Every week seems to be bringing news about changes and challenges in the worlds of entertainment and toys. A summer that has seen box office numbers trailing last year by 11 % with a prediction that year end will see that number hit 15%!

Mattel seems to be in free fall, LEGO (the performance envy of the toy world) is laying off 8% of its workforce and even Hasbro, the licensing kings of the industry, are reporting lower projections attributing it to entertainment timing. These declines are happening during a time when the toy industry has grown by 3% this year but is down from the 6% growth of last year.

Each company, each industry, is claiming different reasons for this malaise. Unrelated? In part..maybe… but underlying these shifts are some very permanent, immediate and profound changes in audience behaviors that are having a big effect. Collectively, they create a powerful imperative to move away from business as usual.

Millennials (born 1980 to 2000) have become the new American family. They have more preschoolers and young kids than Xers and all of us are becoming a lot more millennial in our behaviors. That is because the factors that have formed their generational ethos are factors that are working on all of us. They are simply the first and the most native to the life changes created by those factors and those changes are permanent. 

Rather than unbox all the causes and reasons for the behaviors (I give yearly seminars to do that), I’m going to cut directly to the behaviors themselves and what that means for entertainment and toys.

1.     Millennial families adopt ONLY A FEW carefully chosen and personally meaningful stories to “live into” (lifestyle) long term. 
a.     if you’re not one of them then welcome to the world of expensive ups and downs
b.     Choosing what IP to invest in, that is meaningful and connective to Millennials, is key. This isn’t trivial because the themes, heroic structures, ethos and challenges are all evolving. This can be big opportunity for new IP and Brands who get it right and is clearly a re-invention imperative for some legacy IP and Brands.

2.     Millennials want a relationship vs a transaction for their dollars
a.     IP that only engage in a single format are at a profound disadvantage. Most of the entertainment industry treats these considerations as something their consumer products groups must sort out. By the time the entertainment is set and turned over to the CP groups, it's largely too late to significantly impact how an IP/Story is capable of engaging its audience.
b.     Toy product lines that are “one and done” single activities or don’t have aspects that connect and support the audience moving to and from other expressions are higher friction, less satisfying and don’t rise to the level of the lifestyle IP and goods that Millennials lean into. (remember they are filtering out a lot of purchasing) 

3.     Millennials BUY LESS BUT ARE WILLING TO SPEND MORE on things that are “meaningful” to them.
a.     The IP must create real, useful, meaning or the consumer products won’t sell
b.     The Products and toys must understand what the meaning is and fully deliver that as well. The license itself doesn’t necessarily carry the sale anymore.

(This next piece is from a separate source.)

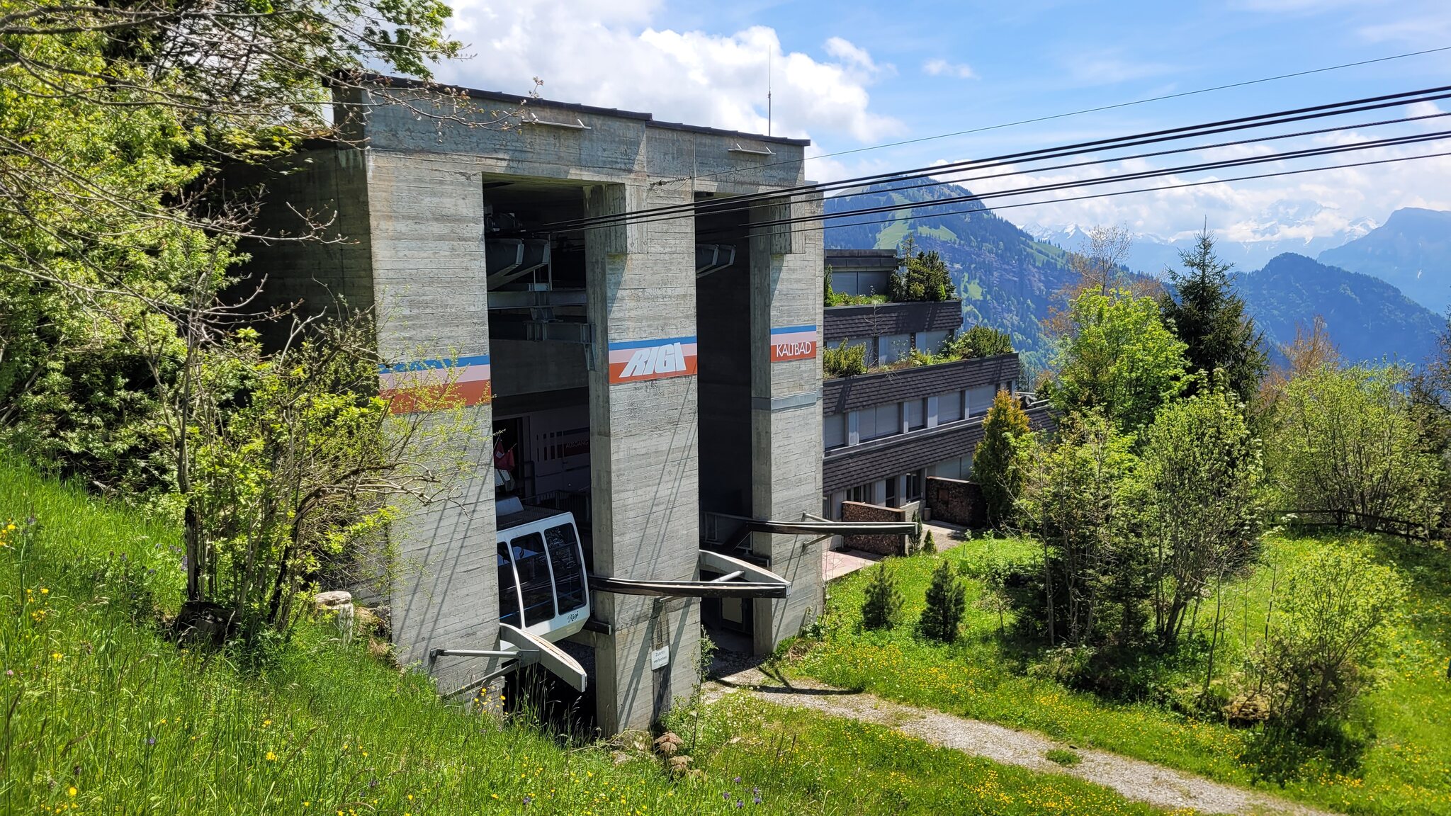 Neben der zweiten Zahnradbahn-Linie nach Vitznau ist Rigi-Kaltbad auch durch eine Pendelbahn von Weggis erschlossen, deren Bergstation ebenfalls schon etwas vintage ist.

Millennials and Gen-Z are super savvy when it comes to play value and want the purchases aligned with their beliefs.

4.     With Millennials It can be much HARDER TO ENGAGE THEM WITH A LEGACY IP or brand (unless you are part of their childhood play and entertainment nostalgia)
a.     Beware of celebrating big brand/IP anniversaries. You can easily become grampa’s brand to millennials. There have been brands that celebrate anniversaries and have seen their sales drop.
b.     An IP’s or Brand’s past strength means little to Millennials. You must make it meet them in their world and the themes and ideas must become relevant to the lives and desires they are living with.
c.     Some of the medium and smaller toy companies are having big successes with relatively new IP.

5.     Millennials are the experience economy. They want CONSTANTLY EVOLVING AND PROFOUNDLY IMMERSIVE EXPERIENCES from dining, to shopping to the rare vacation or special occasion. 
a.     A lot of IP doesn’t lend itself to experiences. The IP needs to be built to do so. Millennials see experiences as part of the story, not as a separate “ride” or “trip.” 
b.     Having “pinnacle experiences” for you IP are important. These are experiences that anyone who is becoming a fan of your brand can engage with that takes them to ultimate immersion.
c.     Toy companies need to be more successful at developing using “experience design” so that the play is richer and deeper and much more connective to all the other things happening with the IP in other formats. This doesn’t necessarily mean it all has to be connected toys. It’s about depth and expansion of the IP in ways that connect to the bigger picture easily. 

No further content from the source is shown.